Earlier this year Hackaday announced the Train all the Things contest. I immediately knew I wanted to submit something, but figuring out what to build took me a little bit. For my side projects I like to make something that is useful to me, or somebody I know; while also learning something new. A few days after the contest was announced my daughter was in the basement playing outside my office/homelab when I remembered my wife had asked me if there was a way for her to know when I was working with somebody so that they could avoid coming down in the basement. I thought a voice driven display could be a fun solution.
Choosing my tools
After deciding on the project the next thing I wanted to figure out was what new boards I would need (if any) and how I would build my model. After doing some research I landed on Tensorflow as my path forward for deploying a model to a microcontroller. Having used Tensorflow the barrier for model creation is a bit lower, but I am really curious about Tensorflow Lite and the potential it provides. Additionally a relatively new book TinyML looks like a good resource to use along the way.

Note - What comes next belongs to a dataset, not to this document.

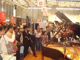 2007年10月17日至20日,上海國際樂器展在上海新國際展 覽中心隆重舉行。本次展會德國國寶-博蘭斯勒鋼琴陣容強大,展 位面積近200平方。本次展會展出了博蘭斯勒旗下博蘭斯勒、海斯 勒,歐米勒,塞勒等品牌的德國原裝及在中國組裝的二十幾個品種 及型號的鋼琴。并請來歐米勒形象代言人德國頂尖鋼琴表演藝術(shù)家 歐米勒孖寶鋼琴組合:歐米勒大寶-斯蒂芬(STEPHAN WEH) 和歐米勒小寶-馬賽爾(MARCEL DORN)為歐米勒鋼琴品牌做 品牌推廣大使,并現(xiàn)場為展覽會客戶及觀眾帶來瘋狂的鋼琴表演。

After settling on TF Lite the next thing was picking a board. Most of my embedded experience has been with CircuitPython and Rust. For this project I thought it would be fun to learn something new. The Espressif ESP-EYE caught my eye as an interesting board known to work with TF Lite. I've seen the ESP32 and 8266 in a lot of other projects, so learning the ESP toolchain seems valuable. Additionally a lot of the Espressif ecosystem seems to be built around FreeRTOS which provides a whole other avenue of learning and hacking.

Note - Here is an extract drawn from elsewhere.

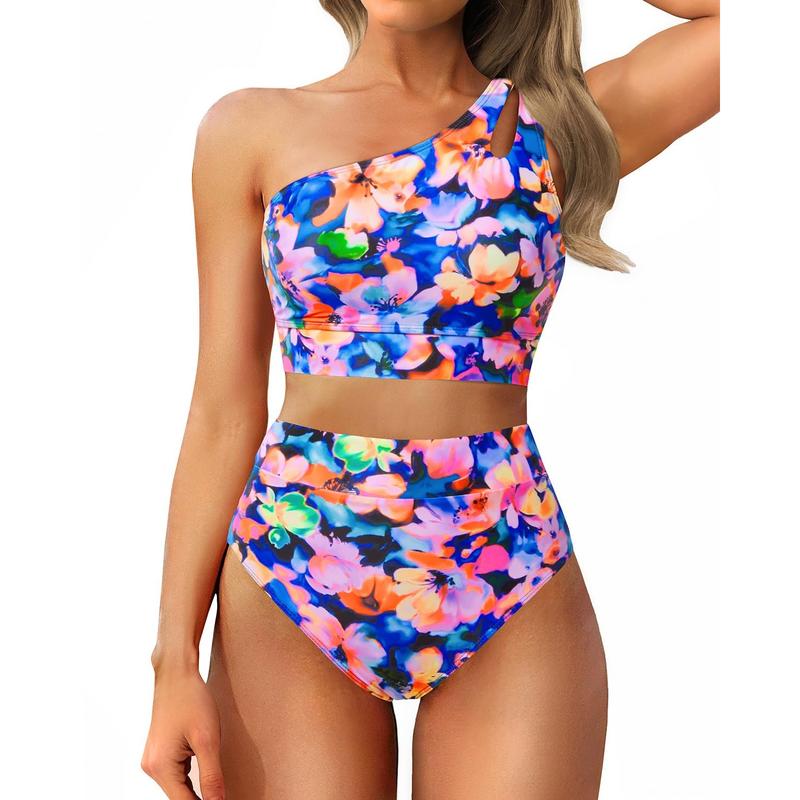 Yonique Two Piece High Waisted Swimsuits for Women - One Shoulder Bikini Tummy Control Bathing Suit 2025 Full Coverage

Finally I will need a way to let somebody know when the model has picked up voice activity, to signal that I'm currently busy in the lab. The ESP32 has a WiFi chip providing the ability to send and receive signals via TCP if we want. The ESP-EYE has that built in, and I happend to have a PyPortal (with an ESP32) that could make a great display checking for a status using WiFi too. To signal from one to the other I decided to have some fun and use Cloudflare Workers K/V to set a bit from the ESP-EYE that would be read by the PyPortal at a given time interval to set the display.
Putting it all together the initial idea looks something like this:
Which allows me to have a small board in my homelab listening and the display above the stairwell where somebody can get a status update before they ever come down.